Collected material:
※ ※ ※

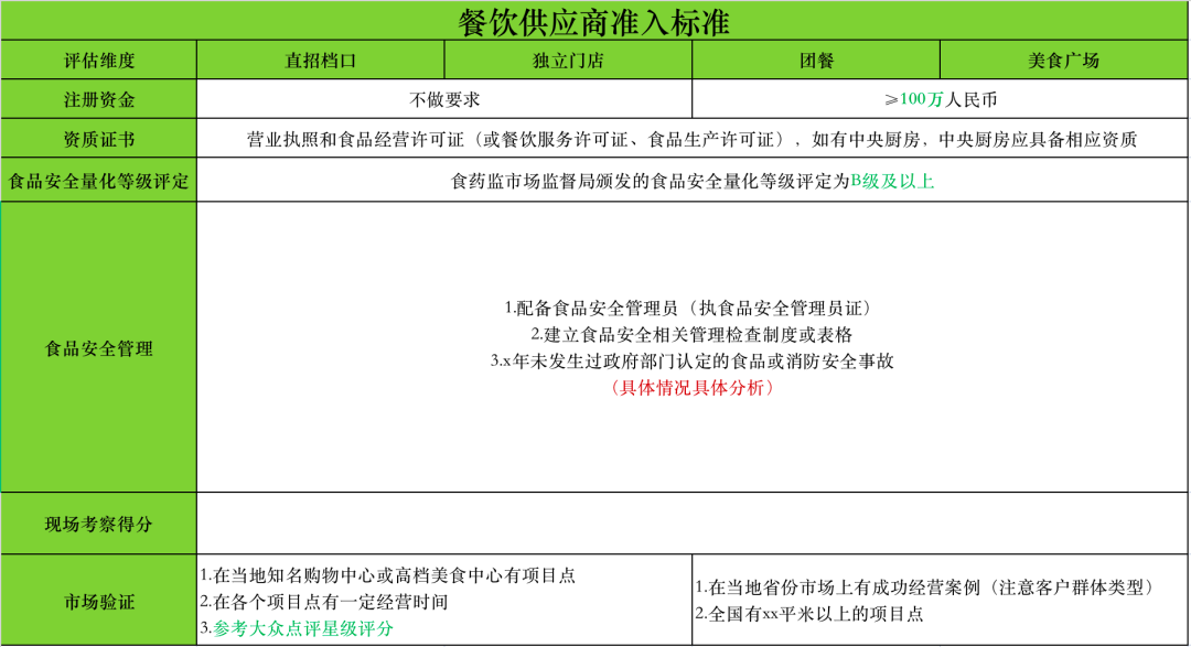 1.餐饮供应商准入标准
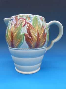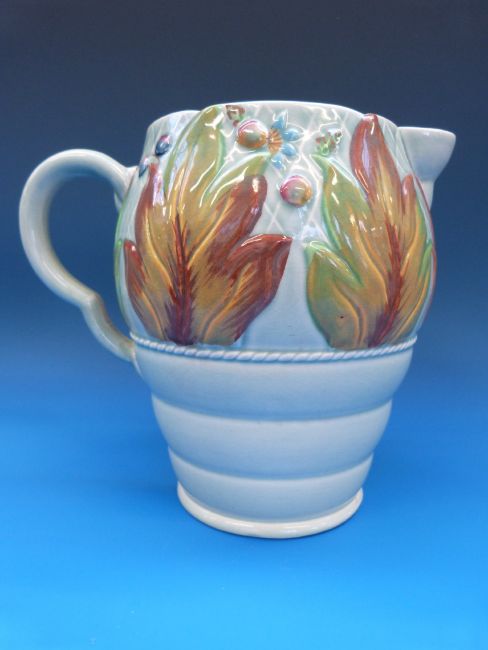 A Clarice Cliff Newport pottery relief moulded jug
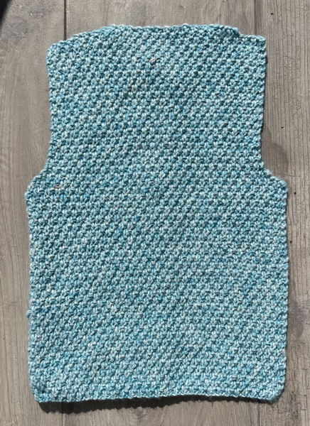 62 steken opzetten met breinaald 7. Brei dubbele gerstekorrel steek tot een hoogte van 32 cm. Voor de armsgaten 1 x 3 en 2 x 1 steek afkanten. Als het armsgat 22 cm hoog is voor de schouders 1 x 6 en 1 x 5 steken afkanten. Daarna de resterende steken afkanten.

※ ※ ※

Work to complete: If the listing above includes images, copy every line of it exactly except those images.

Completed exercise:
 1.餐饮供应商准入标准
 A Clarice Cliff Newport pottery relief moulded jug
 62 steken opzetten met breinaald 7. Brei dubbele gerstekorrel steek tot een hoogte van 32 cm. Voor de armsgaten 1 x 3 en 2 x 1 steek afkanten. Als het armsgat 22 cm hoog is voor de schouders 1 x 6 en 1 x 5 steken afkanten. Daarna de resterende steken afkanten.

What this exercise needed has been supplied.